Chitosan is a linear polysaccharide of glucosamine and N-acetyl glucosamine, being composed of repeating units of 2-amino-2-deoxy-D-glucopyranose joined by β-D-1→4 linkages and a smaller number of N-acetyl-D-glucosamine (the deacetylated derivative of chitin. It is also an important component of the cell wall in various stages of the life cycle of some fungal species [60,63,64]. It is obtained from chitin through chemical or enzymatic hydrolysis of α-chitin N-partially deacetylated using alkaline solutions (40–50%), at 100–160 °C, for several hours, in a proportion of around 50% [65]. Chitosan structure and properties depend on the chitin deacetylation degree. It is of the most promising materials which can also be used as an efficient biosorbent for the retention of different chemical pollutants.

3. Biosorbents Based on Renewable Resources

The use of conventional materials based on synthetic polymers or obtained by chemical synthesis has many disadvantages, such as the high cost, difficulty of the synthesis technologies, and the pollution generated by these. The need to eliminate these disadvantages and the current tendency to replace “chemical” products with natural products, “green” or “environmentally friendly”, existing in abundance in nature (such as those resulting as waste from agriculture or various industrial sectors) represented a favorable moment for a new type of adsorbent material implementation. These new adsorptive materials are represented by biosorbents that are generated by the processing of renewable resources (i.e., cellulose, lignocellulose, chitin, chitosan, vegetable waste, and algae).
In the last decades, the field of green materials has registered an accelerated development, both concerning the design and in the area of production and use of an ever-wider range of materials resulting from the processing of renewable resources. Their novelty and diversity come from nature, structure, and specific properties but also from the processing method type tailored to the intended applications. These applications are expanding more and more and are based both on the use of techniques for valorizing resources represented by industrial by-products or on innovative approaches (derivatizations, the creation of multi-component assemblies and supramolecular architectures, hybridizations, post-processing in different commercial forms, etc.) on already known materials [66].
An extremely wide spectrum of materials can be used as materials with chemical species retention properties, respectively:
Biomass that encompasses: phytobiomass (lignocellulosic biomass from woody plants, peat); aquatic biomass; biomass from agricultural wastes, household biomass used in biogas production technologies; microbial biomass resulting from food or pharmaceutical industry [20,21,24,30,33,35,44,51,67,68,69,70,71];
Physicochemical-modified biomass for the adsorption capacity improvement [72,73,74,75];
Immobilized biomass is the result of biomass conversion into an easier-to-use form that ultimately contributes to the increase in the process efficiency of separation of pollutant-laden biomass from solution. Biomass immobilization can be carried out on different kinds of supports, with various shapes and porosities [76,77,78]. Immobilized biomass is promising as filling material in columns/bioreactors used in wastewater treatment.
Biosorbents are efficient for the removal of metallic ions from aqueous solutions in the presence of organic compounds or dissolved salts that are considered poisons for ion exchange resins. Biosorbents can be used in the complete treatment of wastes or by coupling with another material, such as activated carbon, in treatments of chemical textile finishing. These materials have superior sorptive properties compared to conventional ones, with particular applicability in the final treatment of effluents.

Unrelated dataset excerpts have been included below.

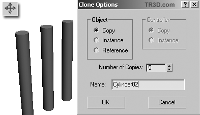 Sahneye bir silindir çizin ve yukarı ok tuşu basılı iken cismi hareket ettirin Karşınıza gelen küçük pencerede Number of Copies (Kopya sayısı) yazan kısma 10 değerini yazıp tamam tuşuna basın. Cismin 10 tane kopyası oluşacaktır. Kopyalama sırasında otomatik isimlendirme yapılacak ve silindir01 , silindir02, silindir03... gibi isimler verilecektir.
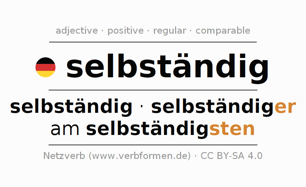 The declension of the adjective selbständig (independent, entrepreneurial) uses these forms of the comparison selbständig,selbständiger,am selbständigsten. The endings for the comparison in the comparative and superlative are er/sten. The adjective selbständig can be used both attributively in front of a noun as well as predicative in conjunction with a verb.One can not only inflect and compare selbständig, but all German adjectives. Comments ☆
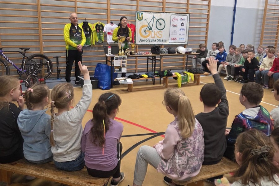Dlaczego kask powinien być niezbędnym wyposażeniem rowerzysty i jak zadbać o bezpieczeństwo na drodze – odpowiedzi na te i inne pytania mogli uzyskać uczniowie klas I – III Szkoły Podstawowej w Jaworzynie Śląskiej. Ich gośćmi byli Antoni Szewczyk i Dorota Szczepańska – trenerzy w sekcji kolarskiej Gminnego Ludowego Klubu Sportowego.
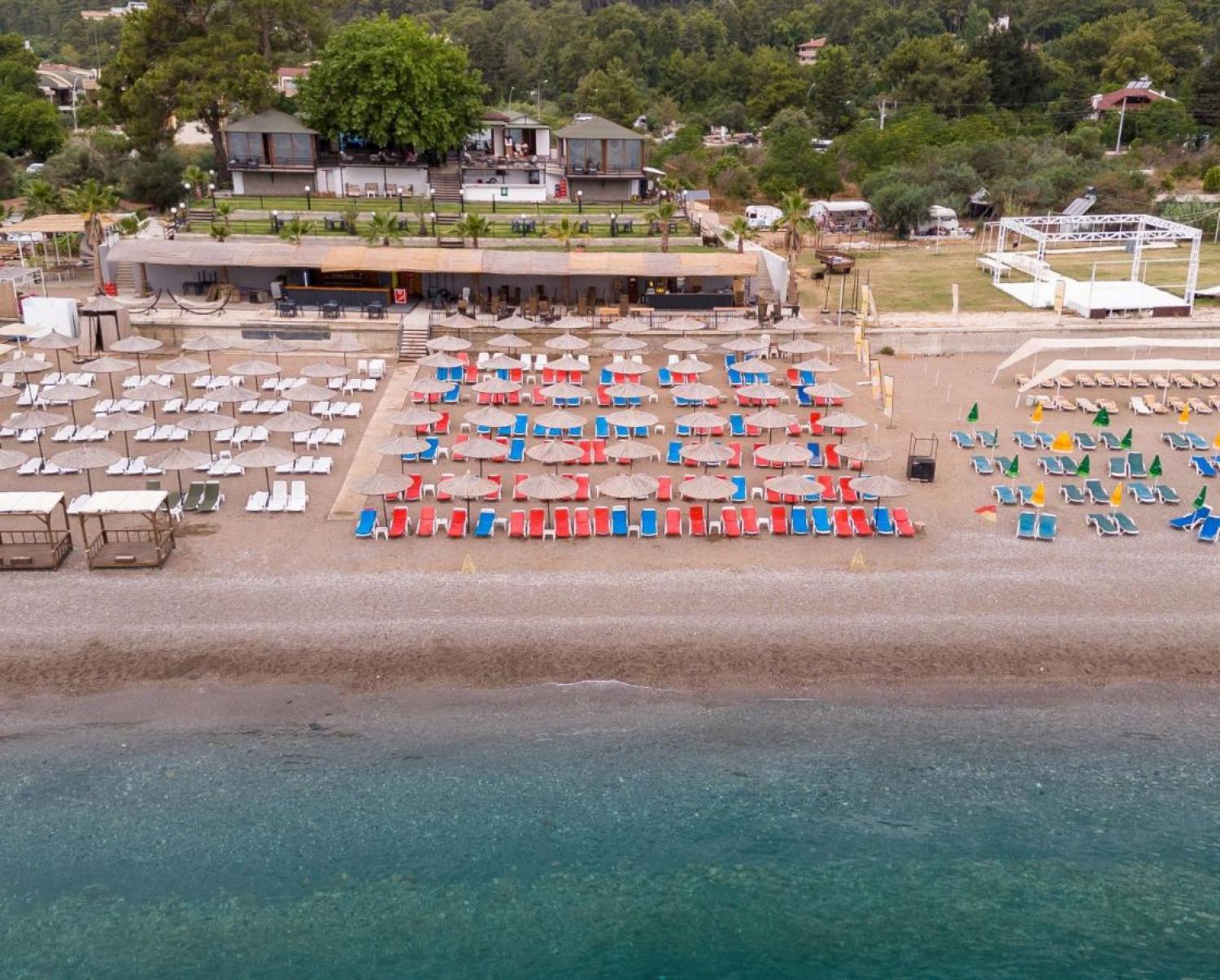 Собствен, пясъчно - чакълест. Чадъри, шезлонги и плажни кърпи на плажа и при басейна – безплатно.
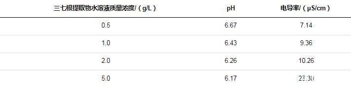 将三七根提取物配制为5 g/L的水溶液并稀释至各待测浓度,测定其pH值和电导率,结果如表1所示。由表1可知,三七根提取物水溶液呈弱酸性,电导率较低。Russell提出可以使用电导率仪来计算溶液的离子浓度,以此来量化物质的离子性强弱。因此,三七根提取物在水溶液中的离子性较弱,属于一种非离子表面活性剂。
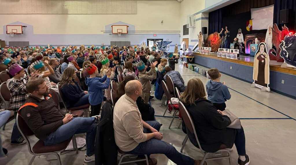 Gymnasium with a stage that has a large rear projection screen
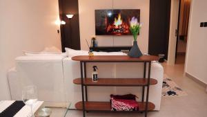 L\'appartement Elegant Apartment in Al-Masif Neighborhood comprend une chambre, une kitchenette et une télévision à écran plat.
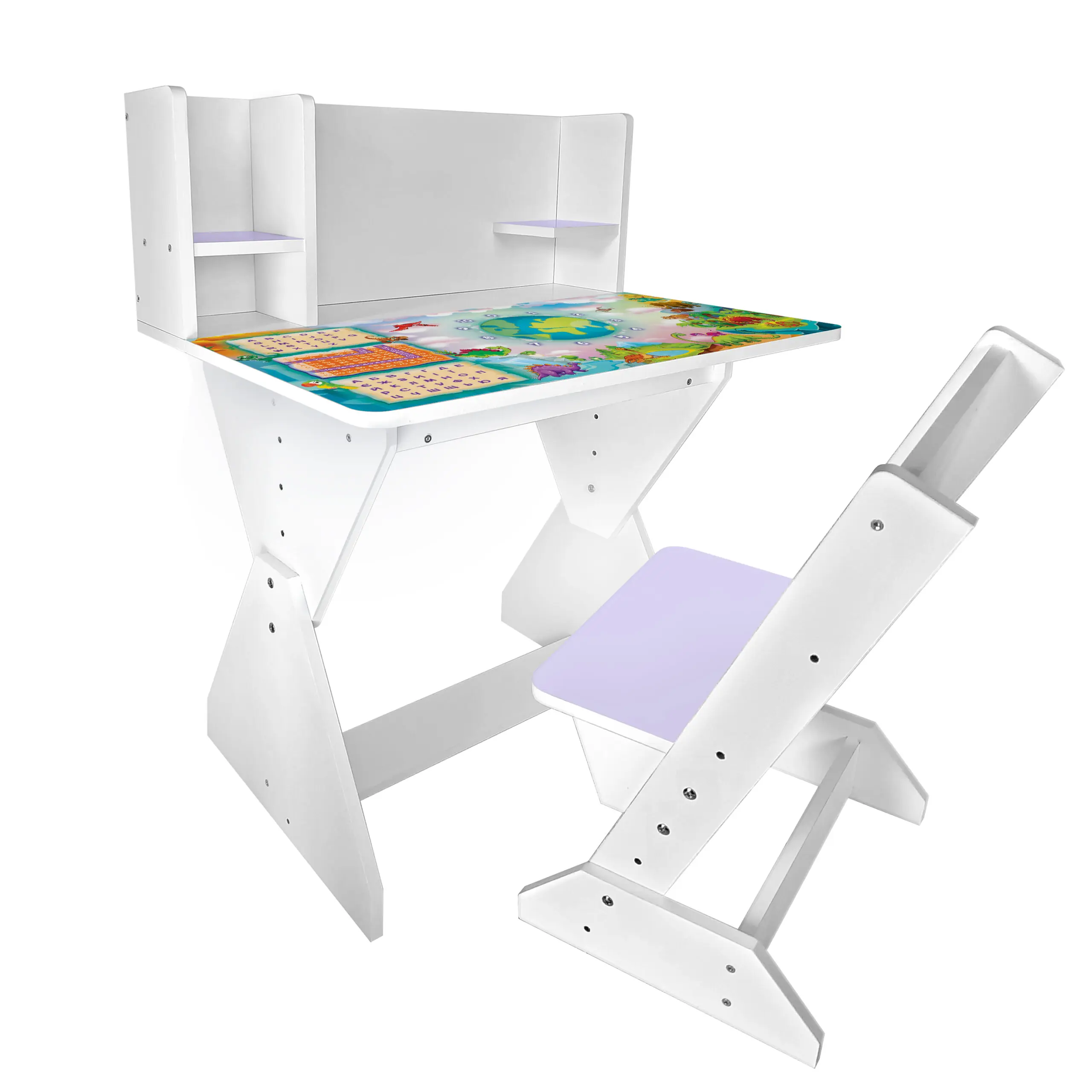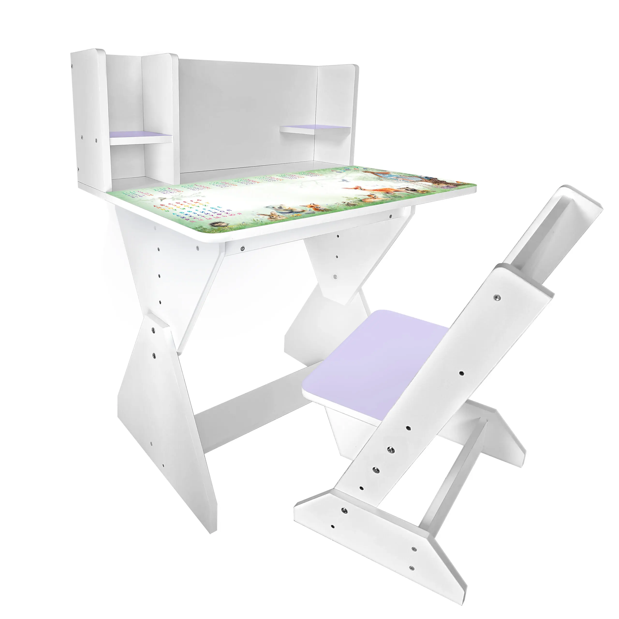 Три рівня висоти: ніжки парти і ніжки стільця можуть регулюватися, по мірі зростання дитини, від 2 до 10 років, до 5 класу.

3.1. Biosorbents Based on Cellulose

Among the renewable resources, available in large amounts and processed with low costs, that are addressed in view of testing their adsorptive properties for use as biosorbents in the treatment of wastewaters, the leader role is played by cellulose. This one can be used in many forms and types, ranging from fibers, microcrystalline powders, softwood pulp, and bacterial cellulose to production wastes and lignocellulosic(agro-industrial) wastes [20,32,66,70,72,79,80,81,82,83,84]. Lignocellulosic biomass provides large amounts of complex biopolymers containing mainly cellulose, hemicellulose, and lignin that are used to obtain nanocellulose [83,85].
In order to increase its efficiency as a biosorbent, the cellulose macromolecule is amenable to numerous relatively inexpensive processes of structural modification, such are the selective oxidations [66,72,86] cross-linking with different agents (acrylonitrile, hydroxylamine, acrylic acid, glycidyl methacrylate, urea) [72] or modifications with chemical reagents through esterification, halogenation, etherification methods [72,75]. New materials with higher specific surface area and porosity and reactive functional groups capable of interacting with polluting chemical species of organic or inorganic nature for their retention are obtained via these strategies.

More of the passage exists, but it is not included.